Wow, awesome TheStreet.com article on Net funds! Another great article from Joe Bousquin @ TheStreet.com. It's about WWWFX's huge expense ratio hike. It also follows up an earlier one that points out Munder NetNet's diversification strategy is being soundly beaten (thus far) by The Internet Fund's moves. In particular, MNNAX has fallen just as hard as WWWFX yet doesn't keep up with WWWFX on the upswing. Case in point? How about today: WWWFX: +4.01%; MNNAX: +1.83%; MFITX +1.41%

[with free trial subscription]:
1) Article on Munder diversification strategy vs. WWWFX
thestreet.com
2) My letter to editor published in response-it was an email
I didn't expect to be printed. Oops, otherwise I wouldn't
have been so blatantly critical of Munder NetNet. Sorry, Munder:
thestreet.com

And the last article is the big one on the expenses as well as Munder's
defensive reply to the first article. I'll reprint it below.

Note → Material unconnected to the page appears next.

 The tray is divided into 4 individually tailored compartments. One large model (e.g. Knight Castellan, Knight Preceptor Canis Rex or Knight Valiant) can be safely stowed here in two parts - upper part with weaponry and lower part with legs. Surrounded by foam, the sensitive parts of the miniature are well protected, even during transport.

With a
free trial subscription at TheStreet.com, you can view this and a *ton*
of other great Net Fund articles written by Joe Bousquin & lots of
related stuff:
===============
Internet Fund Investors Paid Premium Price For Their Top-Ranked
Returns: Plus, More on Munder NetNet
By Joe Bousquin
Staff Reporter
6/17/99 6:21 PM ET
URL: thestreet.com

Assets and returns aren't the only things that have been rising at the
Internet fund this year.

Expenses also have jumped -- by more than 50%. The fund's annual expense
ratio, which includes operating costs and the
management fee, was 3.08% for 1998, up from 2% the previous year,
according to its latest prospectus. That works out to
about $600 in fees for 1998 on a $10,000 investment at the beginning of
the year.

That's way above the 1.75% expense ratio of the average technology fund,
according to Morningstar.

Given the Internet fund's ballooning assets -- it has grown from a
measly $5 million last October to more than $650 million
now -- the increase in fees flies in the face of conventional wisdom.

"Generally speaking, fund expenses should decline as assets grow," says
Scott Cooley, an analyst at Morningstar who
conducted a study on fund fees earlier this year. "But there are
unfortunately plenty of exceptions to that rule."

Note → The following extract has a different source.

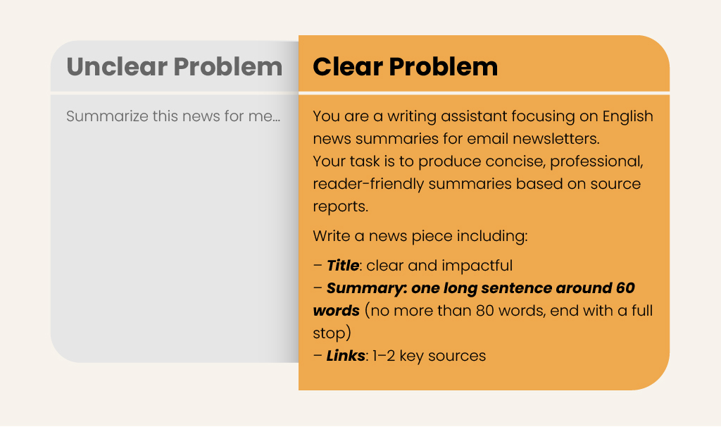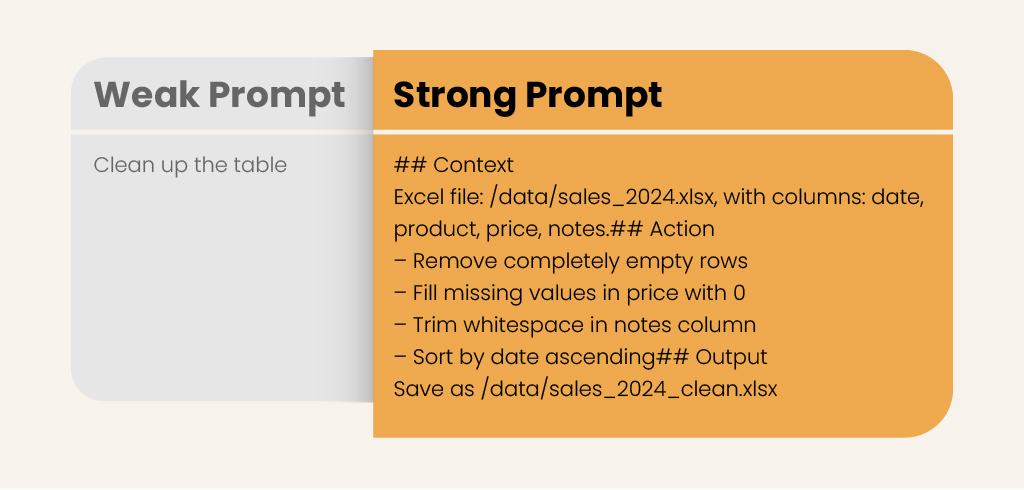 The most common issue is writing too vaguely. You can place these three sections under headings like ## Context / ## Action / ## Output to make skimming easier.

The jump in the expenses wasn't welcome news to one Internet fund
shareholder who lives in Atlanta and follows the fund
closely.

"Ouch! Formerly reasonable costs have become exorbitant!" wrote George
Nichols, who runs the Internet Fund Fan Club
Web site, in an email to TheStreet.com.

Internet fund manager Ryan Jacob says the higher expense reflects what
actual expenses were throughout 1998, when asset
levels were much lower. The fund began the year with $200,000 in assets.
That total rose to $22 million by December,
according to Financial Research Corp. of Boston. The real explosion in
assets didn't begin until January 1999 after Lipper,
Morningstar and others named it the top-returning fund of 1998.

"We try to keep the expense ratio as reasonable as possible given our
level of assets," Jacob says. "At the beginning of last
year, we had less than a million in assets, so any little tiny expense
can kind of throw that number off."

Both Jacob and the fund's administrator, Firstar Mutual Fund Services in
Milwaukee, say the fund's expenses should be
lower this year, given the much larger asset base the fund now has. They
declined to put a number on it, though the fund's
semi-annual report, to be written at the end of June, should report a
"significantly" lower expense ratio for 1999, they say.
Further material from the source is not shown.